ASSIGNMENT: As the output, give exactly the lines that run from the one with "今年,她的手作主打以微缩模型" through the end of the records below, and omit pictures.

--- --- ---

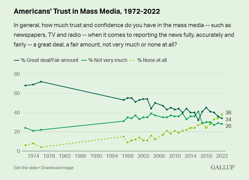 自此,“第四權力”進入衰敗,不斷淪為黨政的“喉舌”。森雄説:“不訂閲《洛杉磯時報》只會進一步導致民主和第四權力的消亡”,可後真相時代被政黨綁架的媒體讓事情變成了“訂閲媒體就是支持政黨話語,第四權一開始就不存在”。根據2022年蓋洛普的調查數據顯示,美國人對媒體的信任度已接近歷史最低水平。
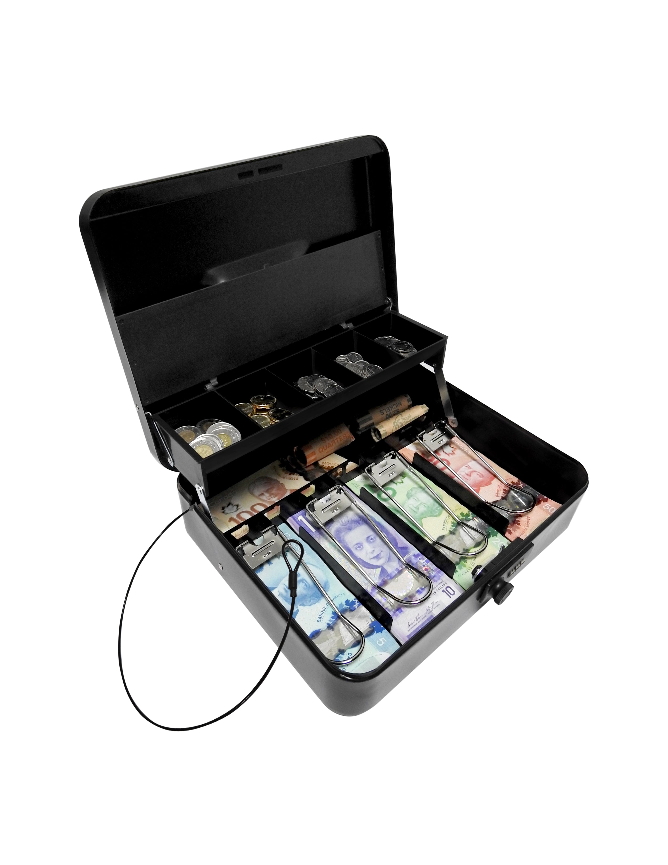 MANHATTANMCBC-2200/ TIERED TRAY DELUXE COMBINATION CASH BOX (Refurbished)Secure your valuables such as currency and coin, receipts, cheques, jewelry and other valuables with this tired tray security key... $22.99$22.99$22.99
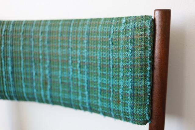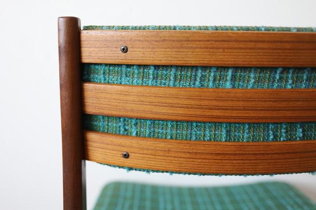 北欧デンマーク買付で出会った1960-70年代製のダイニングチェア。凹凸感ある織り生地の質感とブルーグリーンの鮮やかな色がとても印象的です。フレームの細かなディテールも大変美しく、どこから見ても満足できる一脚ではないでしょうか。
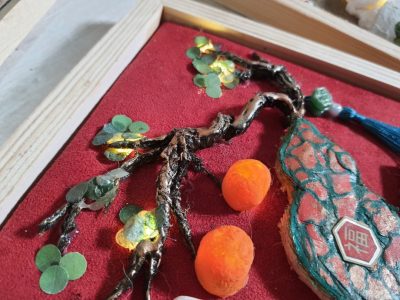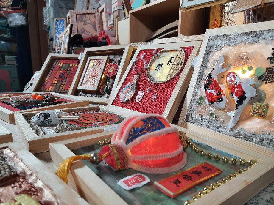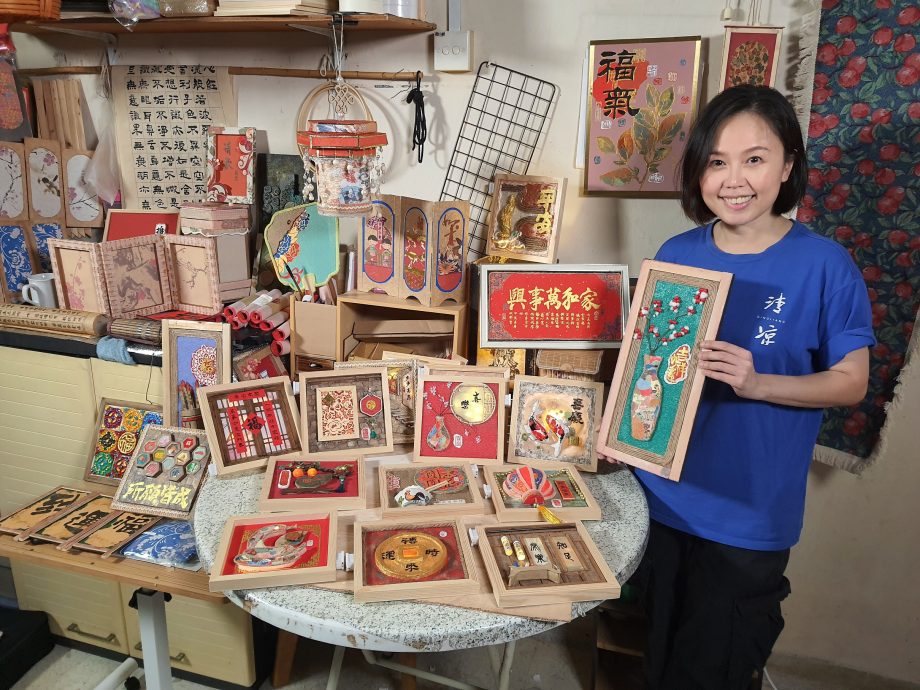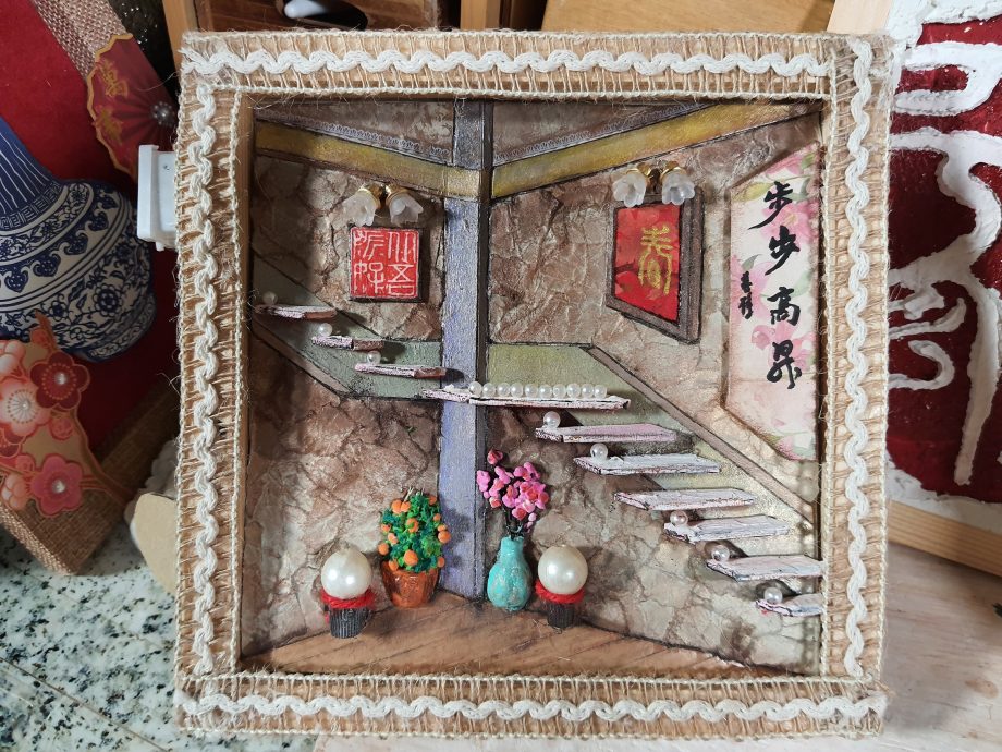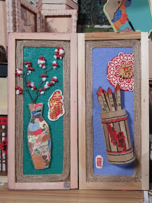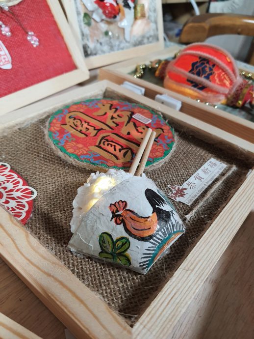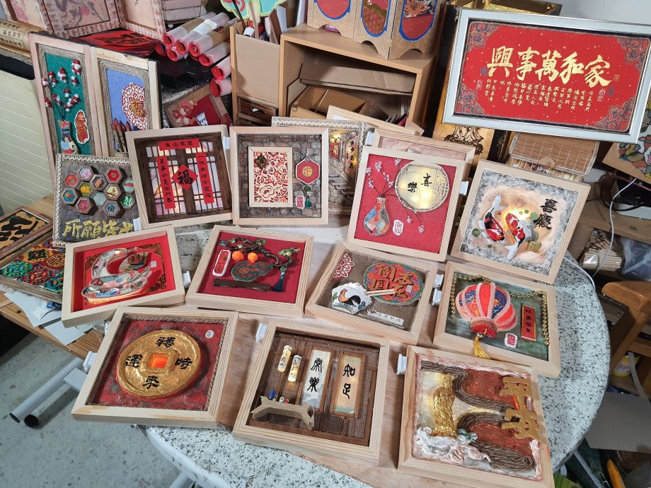 今年,她的手作主打以微缩模型(miniatures art)来呈现,结合时下流行的LED灯泡,让作品能够成为发光的画框模型。光亮的加入,能更好地带出节日的喜庆和愉悦感。观察她作品的人会发现,她的作品经常搭配书法。“我本身是个书法人。所以我的作品多数与书法结合。这也是目前流行的书法文创。”
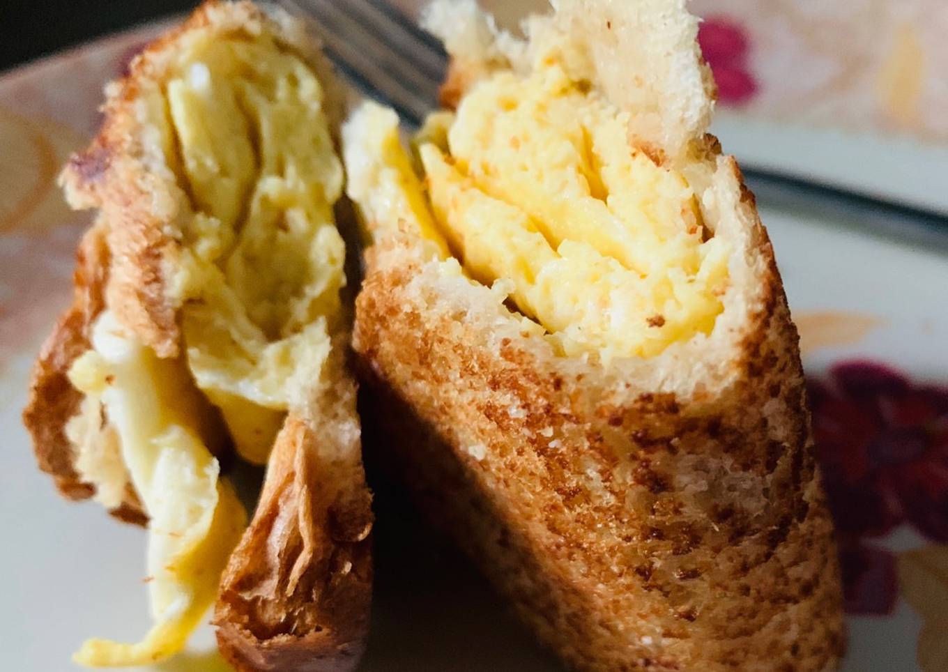 - Take a slice of bread. Put the egg roll inside it, add a cheese slice and cover it with another slice of bread.
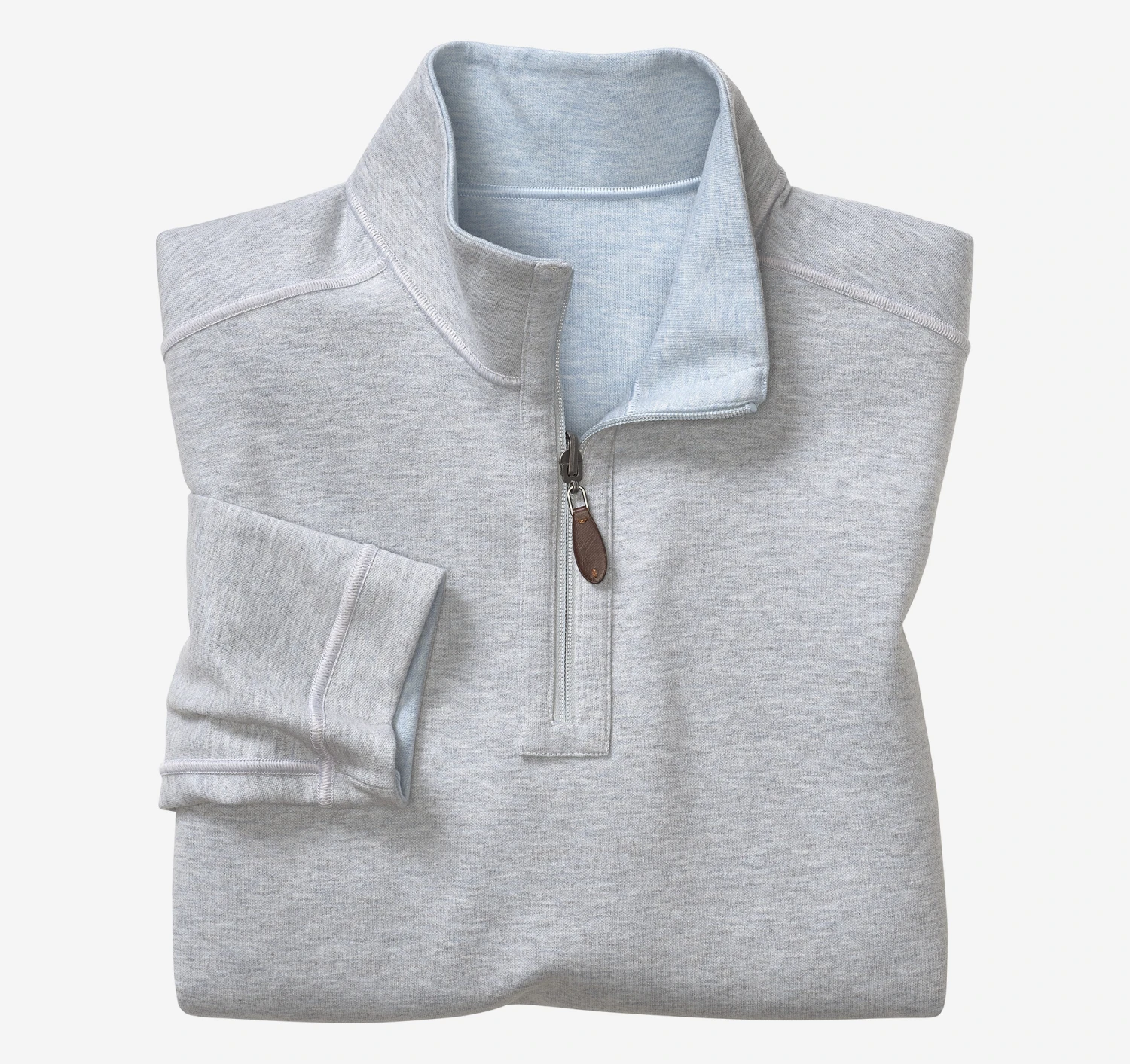 - Quarter-zip placket with leather-look pull.

--- --- ---

TASK OUTPUT:
 今年,她的手作主打以微缩模型(miniatures art)来呈现,结合时下流行的LED灯泡,让作品能够成为发光的画框模型。光亮的加入,能更好地带出节日的喜庆和愉悦感。观察她作品的人会发现,她的作品经常搭配书法。“我本身是个书法人。所以我的作品多数与书法结合。这也是目前流行的书法文创。”
 - Take a slice of bread. Put the egg roll inside it, add a cheese slice and cover it with another slice of bread.
 - Quarter-zip placket with leather-look pull.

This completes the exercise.